A yarn to be proud of: Manos del Uruguay

There is a new anxiety in my life.  It lurks quietly in the background before ambushing me and inducing panic.  ‘Lack-of-project’ is the name I’m giving it but it really needs something more terrifying than that.  It struck me recently as I came to the end of knitting a cowl and suddenly realised I had nothing planned next.  Luckily a stripey scarf came to save me – the classic use for left-over yarn and that is coming along nicely.  For a newbie, it is a good test of accuracy and consistency to knit row after row of ribbing in alternate yarns , trying to keep good straight lines and not allowing the stitches to run out of order on a new line.  So this project is keeping me in line and it is satisfying to see the scarf growing and the colours blending.

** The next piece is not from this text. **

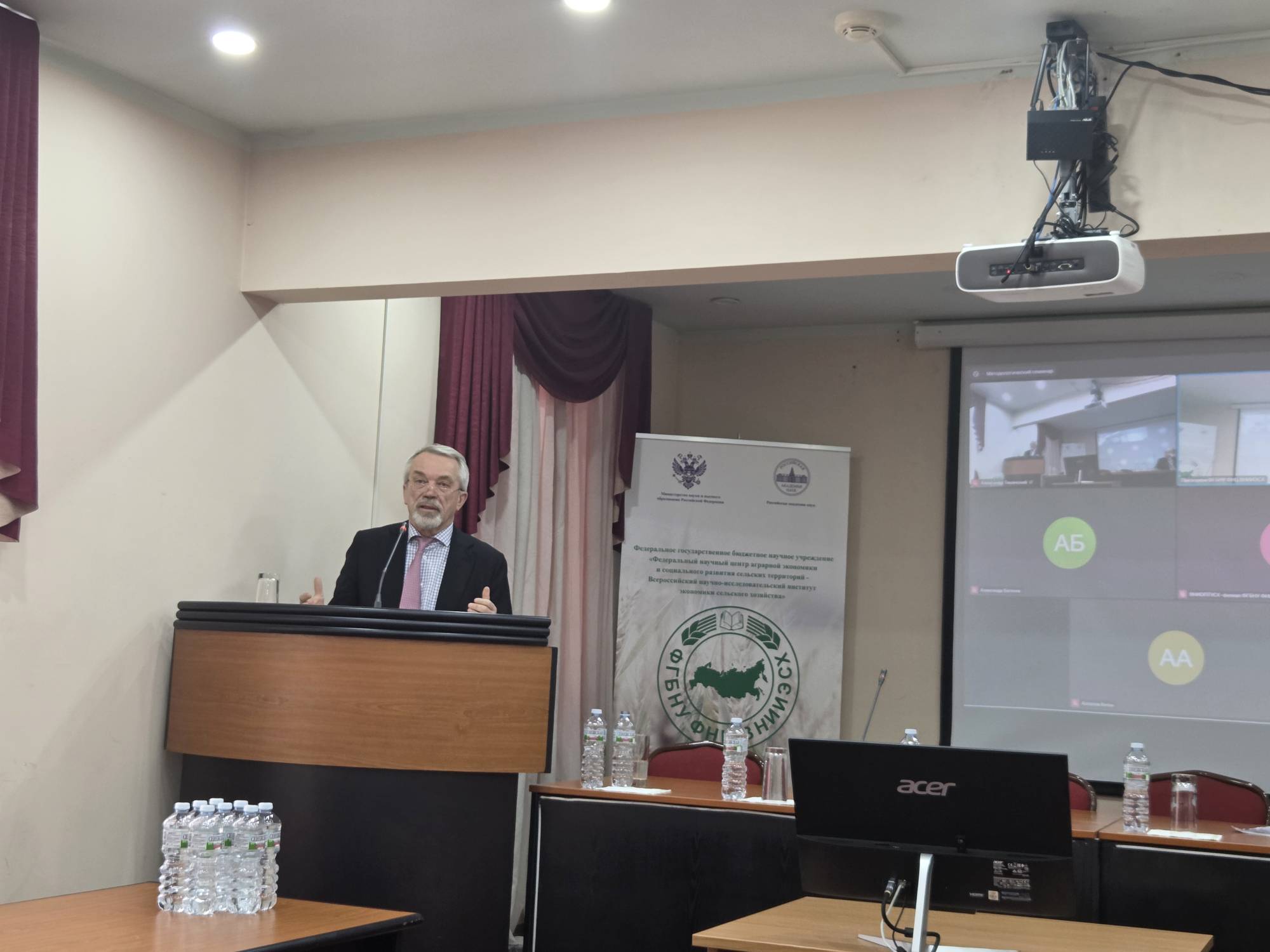 6 февраля 2026 года в зале заседаний Ученого совета ФГБНУ ФНЦ ВНИИЭСХ состоялся Методологический семинар. Открыл мероприятие научный руководитель ФГБНУ ФНЦ ВНИИЭСХ, академик РАН И.Г.Ушачев. С основным докладом на тему: «Как осуществить научно-технологический прорыв в РФ» выступил член-корреспондент РАН Савченко Евгений Степанович.

I am conscious too that I need to be learning more and so I have booked another of Tribe Yarns’s excellent courses to knit a ‘top-down’ cardigan.  It is always exciting to be facing a new challenge but I am feeling particularly inspired by the yarn this time.  I have chosen Manos del Uruguay’s Maxima merino in Grapevine and already, whilst knitting my test swatch, I’ve been captivated by watching the colour of the yarn change as I move through a row.  The overall effect is almost like a tie-dye.  A chunky merino yarn, it is easy to work with, doesn’t split and is wonderfully soft and tactile.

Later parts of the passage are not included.